Back when I was with Pool & Spa News, I wrote opening editorials in just about every issue for nine years. That kept the engine going, but I wouldn’t exactly describe the “Reflections” I wrote there as either free-wheeling or exactly fun and creative.

In 13 years of the printed version of WaterShapes, I recall composing just one Structures column in Eric Herman’s place along with exactly one feature article (on the waterfeatures at the Getty Center in Los Angeles); for the most part, my writing was confined to business-related letters and email exchanges – again, not exactly high-volume fun.

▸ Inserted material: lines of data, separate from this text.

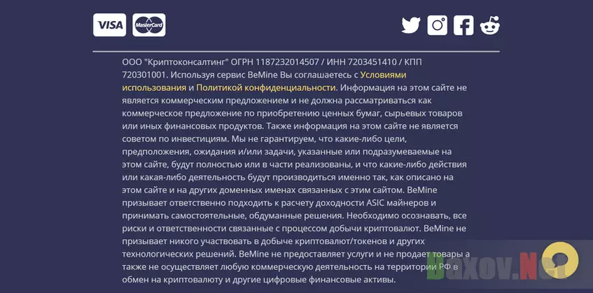 Команда BeMine пишет, что работает в РФ официально от имени ООО «Криптоконсалтинг»:
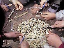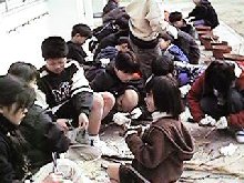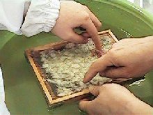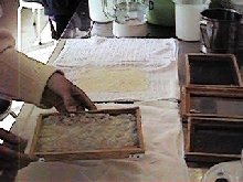 小さな種から、大きなケナフになって、ケナフからたくさん紙が作れて感激しました。 (あすか) いい紙ができてよかったです。(みほ) 自分流の紙ができあがりました。(だいすけ) 紙作りのたいへんさがわかり、これからは紙を大切にしようと思いました。(かずひろ) 思ったよりたくさんの紙ができあがりました。(あきら) |
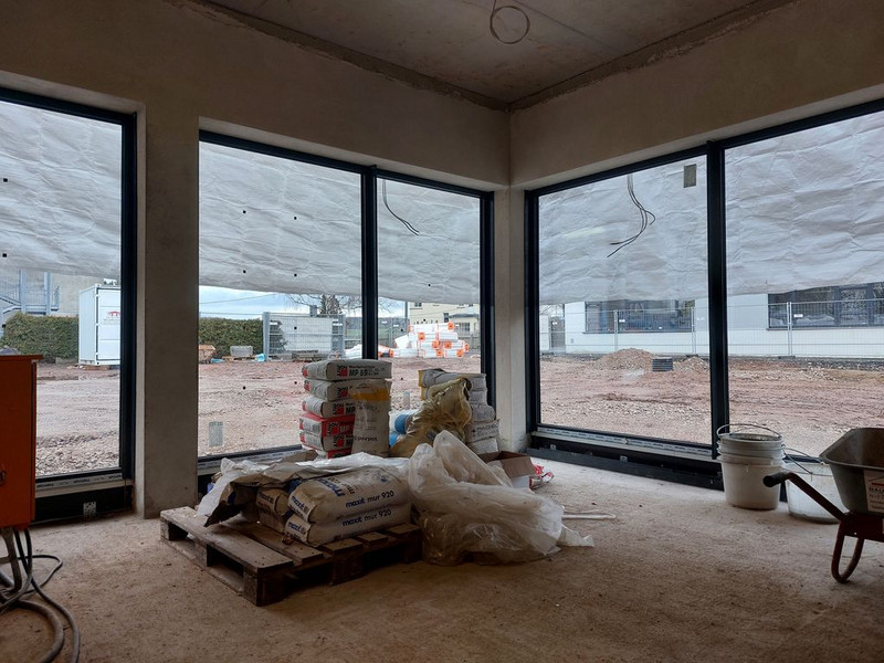 Es wachsen Wände in die Höhe und die ersten Glasscheiben werden eingesetzt.
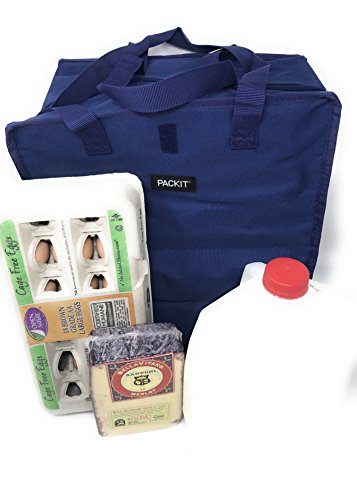 Packit Freezable Grocery Bag - Navy Blue 14.5" H x 12.5" D x 7.5" W (3" H x 6.5" W x 6.5" D Folded)
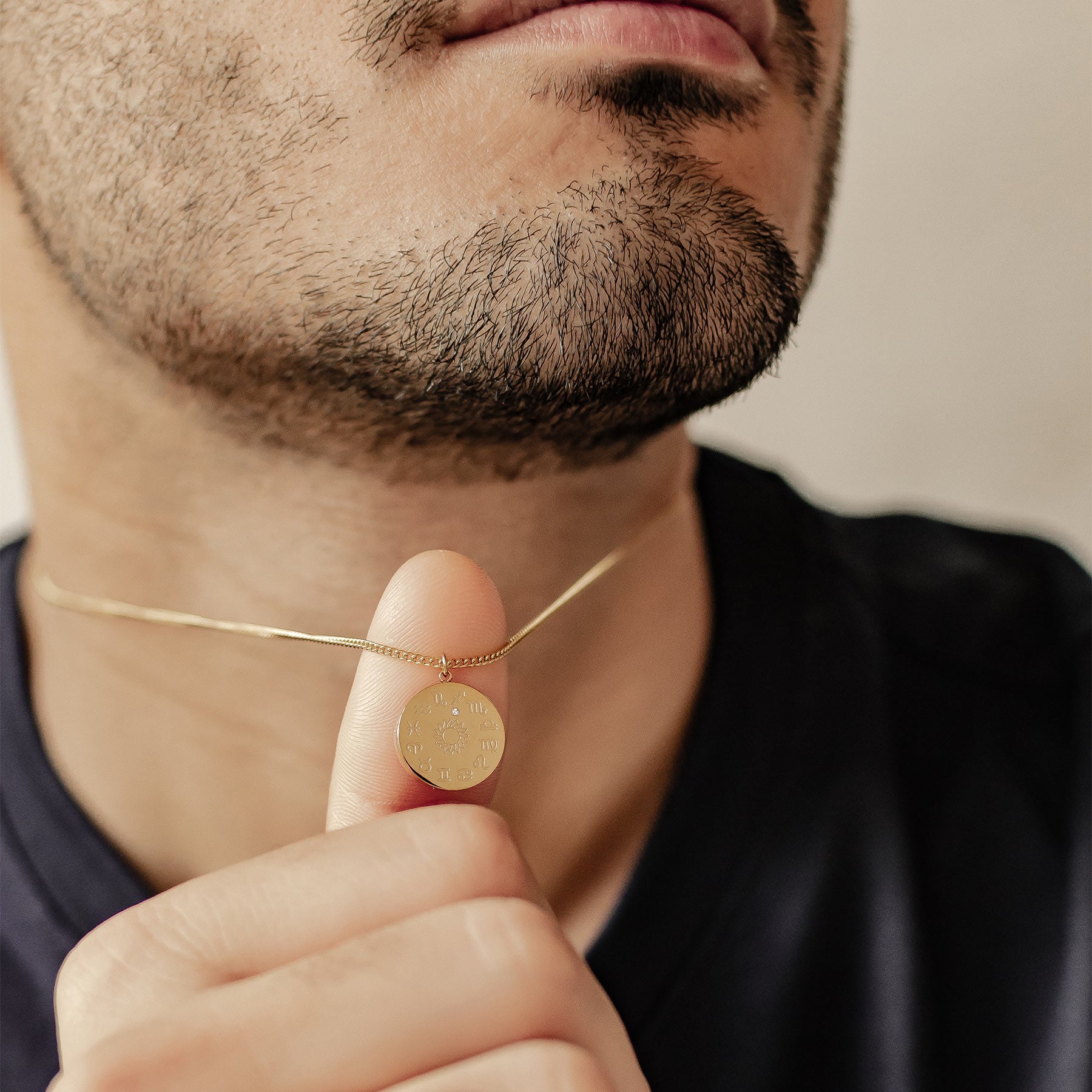 This is a round necklace pendant that features two harmonious designs on either side: on one side it has a tiny moon and star and a cluster of zirconia stones arranged in Sagittarius’ star constellation, while on the other side, it has the full set of 12 zodiac signs placed around a central sun, with a zirconia pointing to Sagittarius. This unique piece is inspired by the dynamism of Sagittarius; a unique blend of passion, curiosity and adventure with practical independence and adaptability.
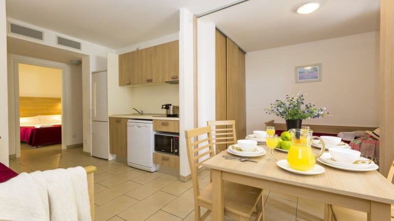 In der Résidence Odalys Les Voiles Blanches gibt es keine Verpflegungsmöglichkeiten vor Ort. Die Apartments verfügen jedoch über eine voll ausgestattete Küche, in der Sie Ihre eigenen Mahlzeiten zubereiten können. In der Nähe finden Sie auch eine Vielzahl von Restaurants, in denen Sie lokale Spezialitäten und internationale Gerichte genießen können.
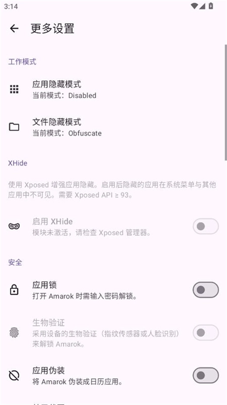 在 Amarok 的 更多设置 > 应用隐藏模式 里选择 Shizuku/Sui 模式。

I have to go all the way back to a magazine I worked on long before I became part of the watershaping industry to find what I’d call a regular writing gig. It may seem strange to any of you who know how resistant I’ve been to changes in fundamental media technologies that I wrote a monthly column in the early 1980s on (I swear it’s true) the dawning Information Age and the way computer technology would be affecting a huge hospital/healthcare system. Life has its ironies.

My favorite recollection of those days was staying home one morning to put the finishing touches on a column about a cutting-edge patient-information system – composed, I might add, on an ancient manual typewriter my father had passed along to me for use in my university days. I finished up, prepared myself for work, drove to the office and went through my backpack to get the text, which was nowhere to be found.

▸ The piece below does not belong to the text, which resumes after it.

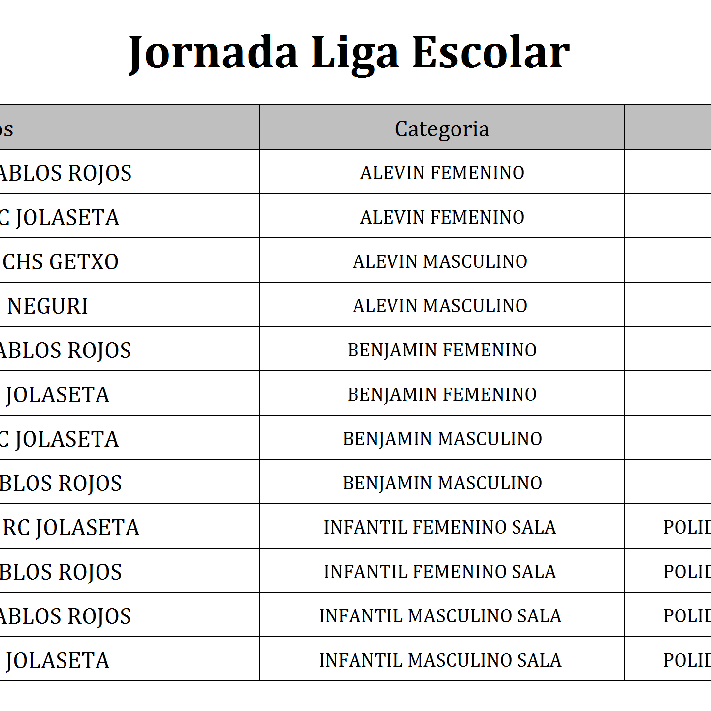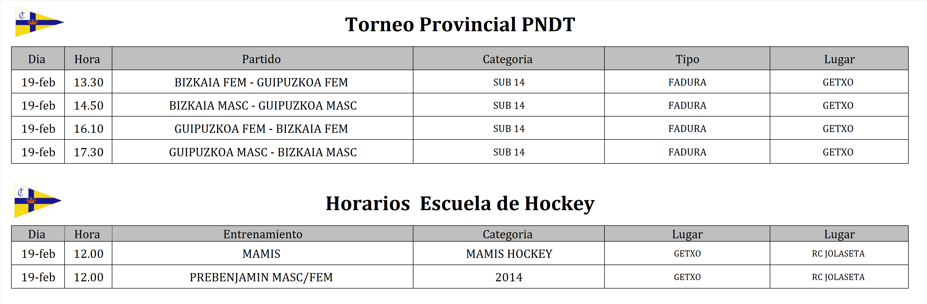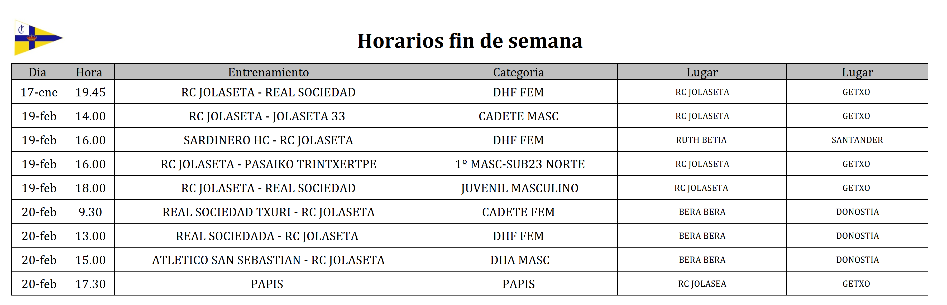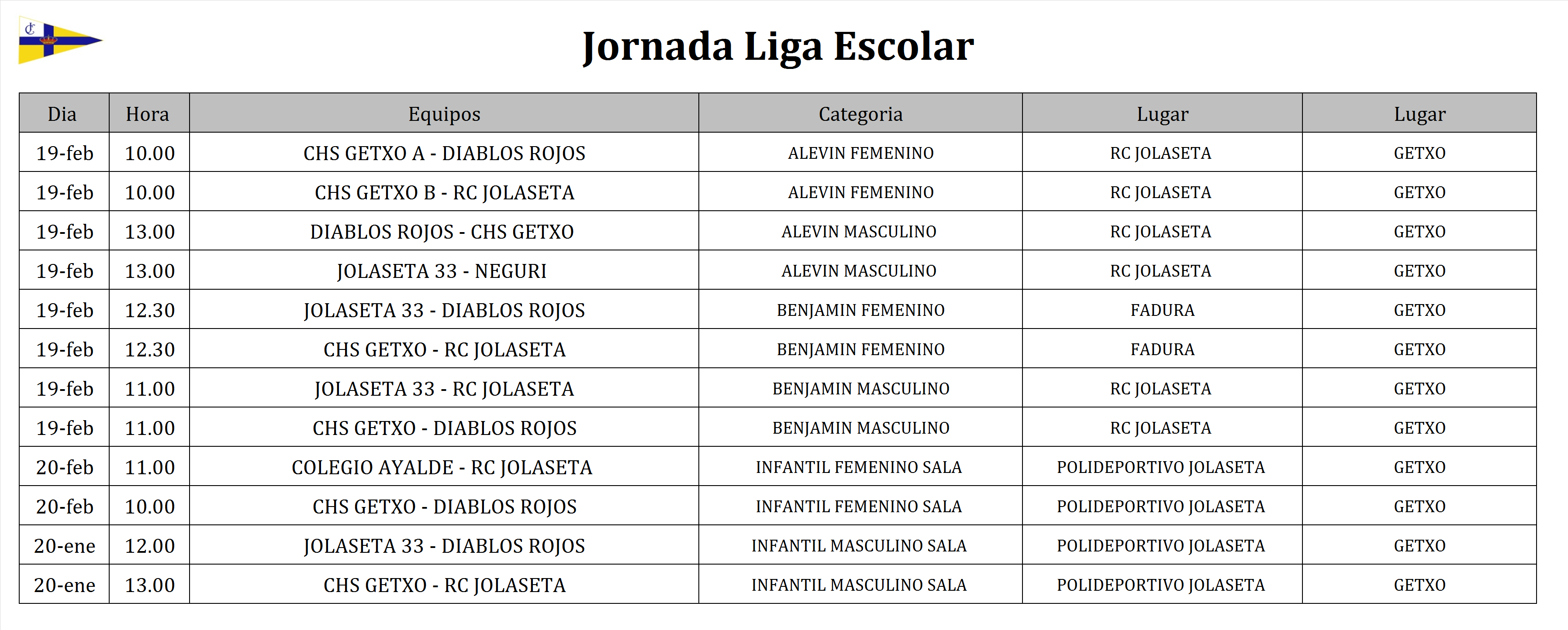 La composición de los equipos de las ligas escolares las encontrará en el tablón del Real Club Jolaseta.

In those days, I lived in Eugene, Ore., which I’d generously describe as “not dry” most times of year. In my rush to get to the office, I’d left the pages and a cup of coffee atop my car while I closed my umbrella and plopped myself into the driver’s seat. Off I went, failing to notice the cup tumbling off the roof over the loud music I was playing and also failing to witness the spectacle of my column wafting on the breeze.

I quickly realized what had happened and drove the seven miles back to my house as rapidly as I could. In the (fortunately) quiet, lightly traveled street in front of my house, I found each of the six pages, soaked (unfortunately) by a steady drizzle and almost illegible on the crummy paper I’d used. Learned a couple lessons that day, believe me.

But I digress: With the writing staff for WaterShapes now limited to me and those who contribute articles to the newsletter, I have lots of opportunities to stretch out and rediscover the simple joy of writing as a steady diet.

I find satisfaction in writing my WaterShapes World blogs, but they follow in line with the sort of magazine-opening editorials with which I am all too familiar. Rather, my delight comes in pulling together Travelogues once each month. They give me a chance to express myself on many more levels that do my blogs and have helped me realize that, through the years, I have been exceptionally fortunate to see a lot of the world, often in a purposeful way.

I’m extremely lucky to be able to share what I’ve seen – all by way of encouraging you to hit the road to size up, critique and appreciate significant watershapes on your own.

I hope I’m to be forgiven for indulging myself in this way: In retrospect, spending more than 30 years in positions that essentially cut off opportunities to express myself creatively was an underappreciated component of my job satisfaction, and I’m pleased to say that now I am an unusually happy camper.

And do get used to it, because I have all sorts of writing projects in mind for the future!